Катя не плакала. Она лежала, смотрела в потолок, и Марьяна видела, как дочь сжимает ту самую корягу-ёлку в кулаке.
Раненый стонал. Марьяна закончила перевязку, выпрямилась.
— Обезболивающее нужно. Иначе он не дойдёт до берега.
Ашот посмотрел на неё.
— Коли.
Марьяна достала из аптечки две ампулы. Промедол. Она знала его как свои пять пальцев — двадцать лет в полевых условиях, вызовы к рыбакам с переломами, к старухам с почечными коликами, к мужикам, порезавшимся бензопилой. Промедол — это тишина. Правильная доза — обезболивание. Чуть больше — сон. Ещё больше — сон, из которого не выходят.
Она вколола первому. Он обмяк через минуту — глаза закатились, голова упала набок. Ашот не заметил: курил, смотрел на Катю.
— Этому тоже, — сказал он, кивнув на второго, того, что стоял у окна. — Левое плечо. Вывих, что ли.
— Сядь, — сказала Марьяна второму.
Тот сел. Она вколола быстро, профессионально, в плечевую мышцу. Через полторы минуты он сполз по стене.

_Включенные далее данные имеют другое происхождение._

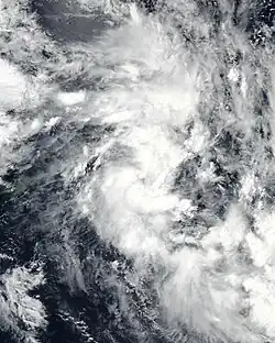At around 23:00 UTC on 22 February, the BOM reported that a tropical low had developed within a low-pressure trough over the far-eastern Indian Ocean.[75] Located approximately 285 km (177 mi) south-southwest of Indonesia's Sumba island, the system remained slow-moving initially, before adopting a track towards the southwest on 23 February.[76][77] The tropical low developed rapidly in a favourable environment for intensification characterised by abundant atmospheric moisture, sea surface temperatures in excess of 30 °C (86 °F), low vertical wind shear and strong outflow in the upper troposphere.[77][78] The tropical low's convective structure improved considerably during the night, and the JTWC upgraded the system to a tropical storm on the Saffir–Simpson hurricane wind scale (SSHWS) at 18:00 UTC.[78] The BOM followed suit at 00:00 UTC on 24 February, officially upgrading the system to a Category 1 tropical cyclone on the Australian scale and assigning the name Ferdinand.[79]

Ашот повернулся. Посмотрел на обоих. Потом на Марьяну. И понял.
— Ты…
Он вскочил, опрокинув табурет. Схватил Марьяну за горло, прижал к стене. Фонарик покатился по полу, тени заплясали.
— Сука. Ты их…
Дверь распахнулась. Серёга стоял в проёме — мокрый, в одной тельняшке, с багром в руке. Он не сказал ни слова. Просто ударил.
Ашот отпустил Марьяну, развернулся. В его руке блеснуло — нож, заточка, что-то короткое и злое. Они сцепились в дверях, вывалились на крыльцо, скатились по ступеням. Марьяна слышала удары — глухие, мокрые, — и хрип, и плеск воды.
Она прижимала Катю к себе и считала секунды.
Потом стало тихо. Потом шаги — медленные, тяжёлые. Серёга появился в дверях, держась за бок. Между пальцев текло тёмное.
— Кончился, — сказал он.
И сел на пол.
Марьяна зашивала его на кухонном столе. Рана была глубокая, но нож прошёл мимо печени и мимо почки — повезло. Или не повезло, а просто Серёга умел уходить от ножа так, как умеют те, кто делал это не в первый раз.
Катя не спала. Смотрела, как мать работает — спокойно, точно, быстро.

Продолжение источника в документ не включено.